One central information technology problem of the next decade will be the creation of a means through which to query a heterogeneous set of life science databases, generally via the Internet. Life science web databases hold information that is critical to researchers. Even though, in the above databases, data have been collected and automated procedures for data manipulation have been provided, user accessibility to such databases is very often still inadequate due to the lack of a comparable data representation, a unified interface for data exchange among the databases, and a customizable infrastructure (i.e. support for views) that addresses the individual needs of scientists. The research objective of this career plan is to address these issues by developing an information integration system for life science databases that supports views (BACIIS+ Biological and Chemical Information Integration System Plus -- views).
BACIIS+ will allow for better communication between life science databases, will provide for continuous and rapid expansion and adaptation to the evolving biological field, and will provide better and more customizable approaches for data access and data analysis through dynamic views. The open research issues involved in the development of BACIIS+ include : 1) the management of large data sets, 2) the interoperability of geographically distributed autonomous databases, 3) the seamless semantic-based integration of these databases with total transparency to the user, and 4) the support for distributed multi-database views. Semantic integration aims at integrating data in a meaningful way while syntactic integration consists of just collecting and pasting together data from different databases. Static views consist of a limited set of views predefined in scope. Whereas dynamic views are created on-demand and their scope is completely defined by the user.

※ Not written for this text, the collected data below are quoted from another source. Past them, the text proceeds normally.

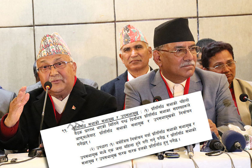 काठमाडौँ- नयाँ संविधानको धारा ९१(२) मा प्रतिनिधिसभाको सभामुख र उपसभामुखमध्ये एक महिला र यी दुवै पदमा फरकफरक पार्टीबाट आउनुपर्ने भन्ने स्पष्ट भनिएको छ । एउटै पार्टी बनाउने भन्दै एउटै चुनावी घोषणापत्र र प्रतिवद्धता सार्वजनिक गरेका एमाले–माओवादी एकीकरणको अन्तिम तयारीमा छन् ।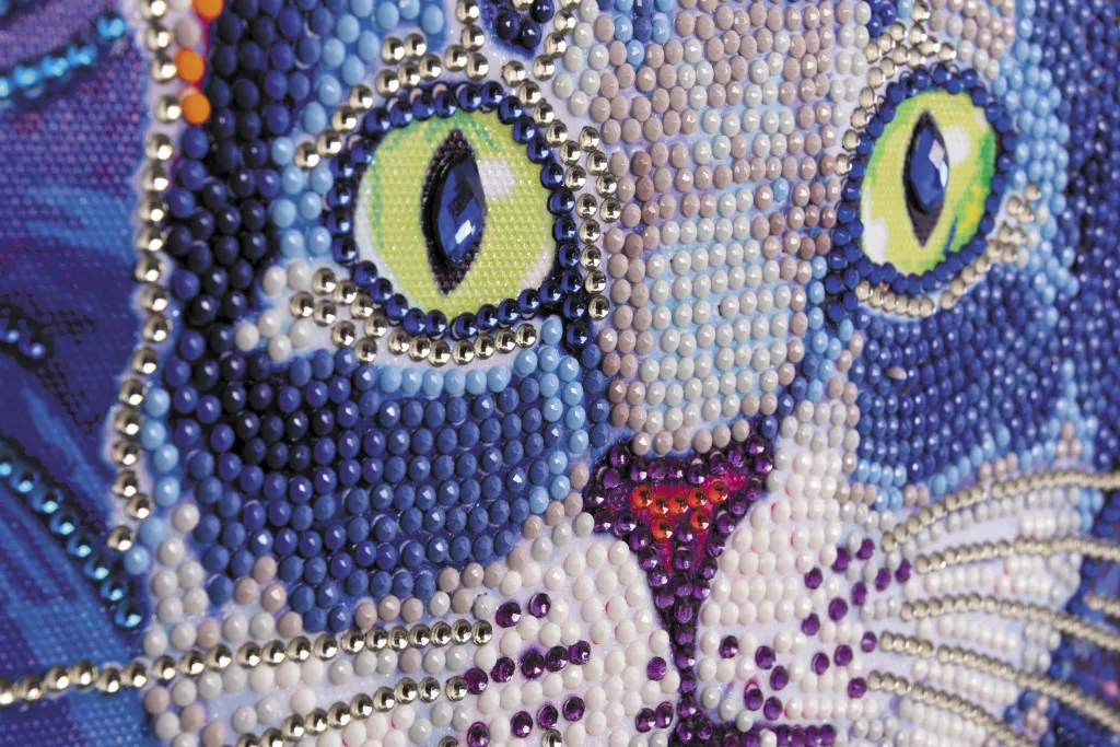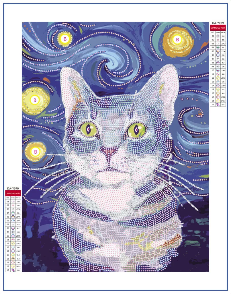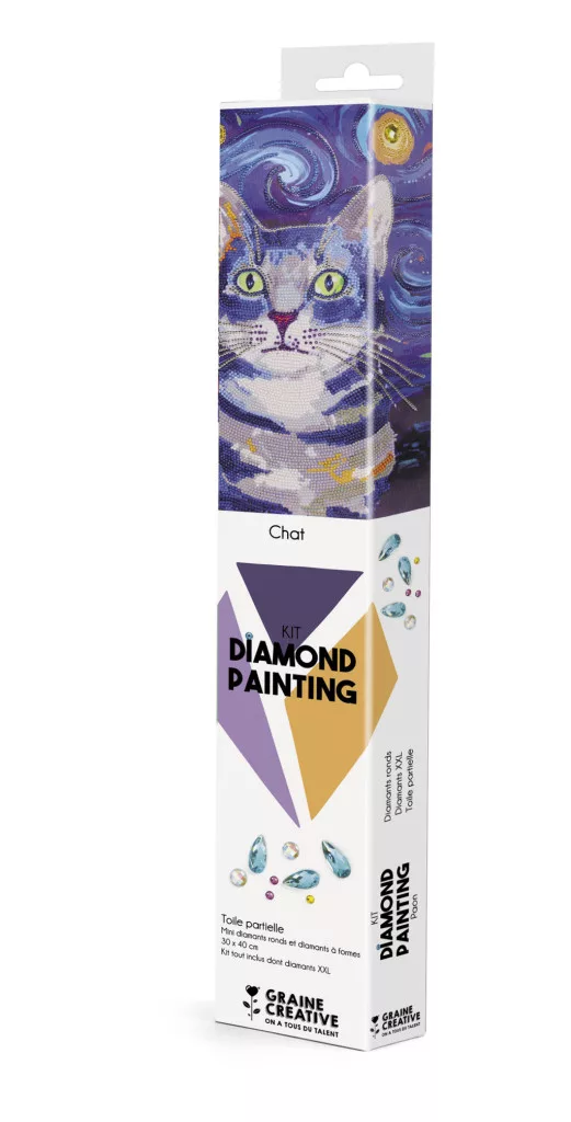 A gyémántfestés a hagyományos hímzés és a számfestés kreatív keveréke. A technika lényege, hogy apró, csillogó strasszköveket helyezel fel egy előre ragasztózott vászonra a mintának megfelelően. A Cica minta kedves és látványos alkotás, amely remek bevezetés a gyémántfestés világába gyerekeknek vagy akár idősebb kezdőknek is.
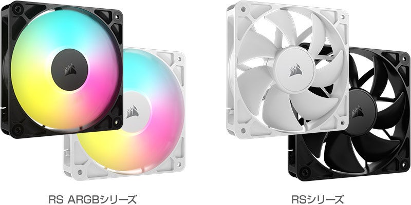 マザーボードのイルミネーションと同期可能なLEDを備えた「RS ARGB」シリーズと、LED非搭載の「RS」シリーズをラインナップ。それぞれ2色のカラーバリエーション、単品モデルとセットモデルをご用意しており、環境に合わせてお選びいただけます。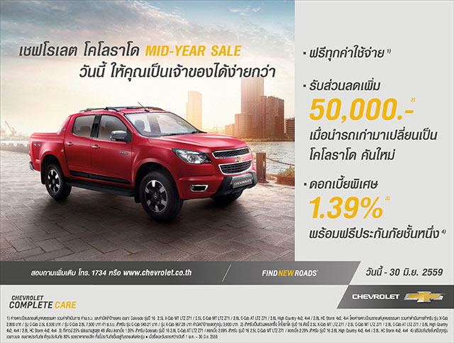 แคมเปญสุดพิเศษนี้ ทำให้ลูกค้าสามารถเป็นเจ้าของโคโลราโดและเพลินเพลินกับรถเชฟโรเลตได้ง่ายขึ้น ด้วยข้อเสนอรถเก่า (ทุกรุ่นทุกยี่ห้อ) แลกซื้อโคโลราโดใหม่ รับส่วนลดจากราคาประเมินรถคันเก่าสูงสุด 50,000 บาท ดอกเบี้ยต่ำสุด 0% นาน 48 เดือน พร้อมด้วยฟรีประกันภัยชั้นหนึ่ง นอกจากนี้ยังฟรีทุกค่าใช้จ่าย (สำหรับรถบางรุ่น) ข้อเสนอนี้สำหรับลูกค้าที่ซื้อหรือจองและรับรถเชฟโรเลตทุกรุ่นระหว่างวันที่ 1 พฤษภาคม - 30 มิถุนายน 2559 เท่านั้น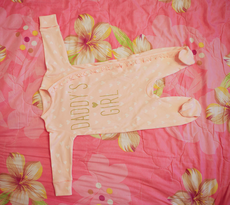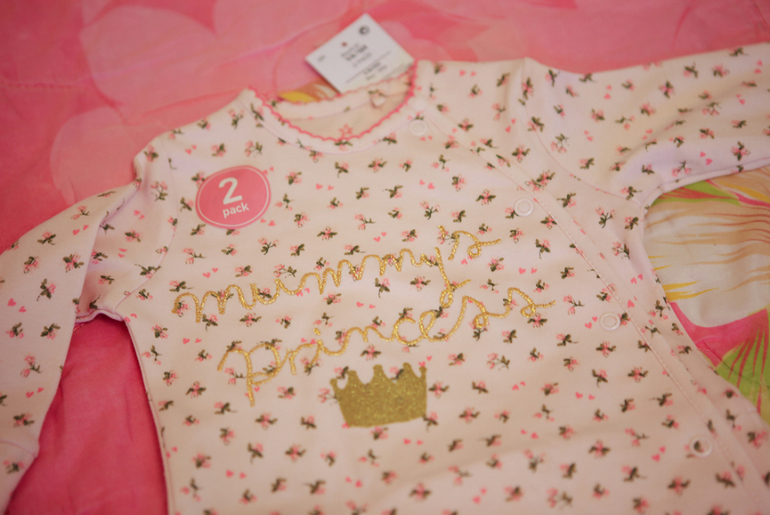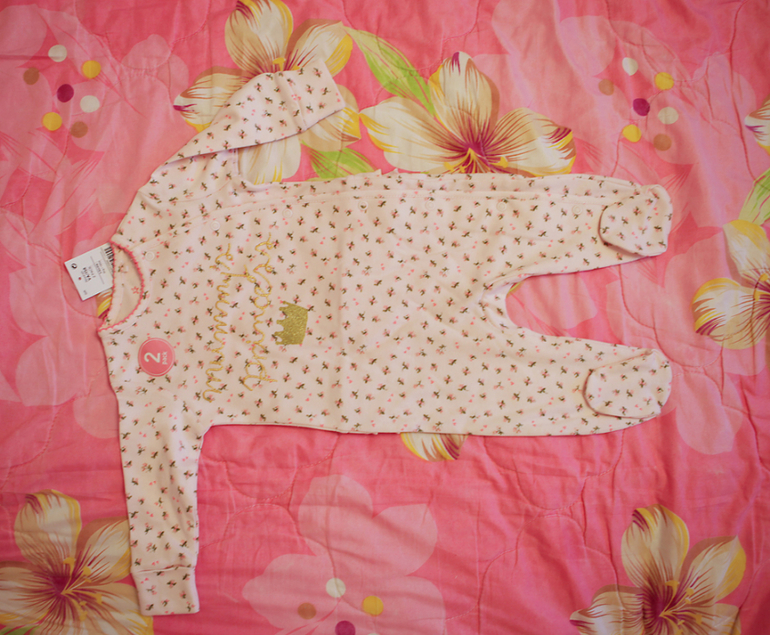 Мамина принцесса. С рюшами на попе))) При заказе даже не обратила внимания на то, что рисунок на этом слипе совпадает с рисунком на комбезе)

Two new graduate courses are planned: Life science information systems, and Computational biology algorithms. The first course will cover the complexity of information extraction and management in the context of life science data. The second course will cover the foundation of sequential and parallel algorithms for sequence similarity analysis. Collaborators from Eli Lilly & Company and Dow AgroSciences are involved in the courses, providing industry perspectives. The proposed courses build on a current course by the PI that covers advanced molecular biology and includes three major sections: bioinformatics, computational modeling, and molecular machinery. The plan actively seeks the participation of undergraduate and minority students through senior design projects. A campus-wide bioinformatics initiative includes a newly established School of Informatics and the Indiana Genomics Center. An international workshop on the interoperability of life science databases is in development.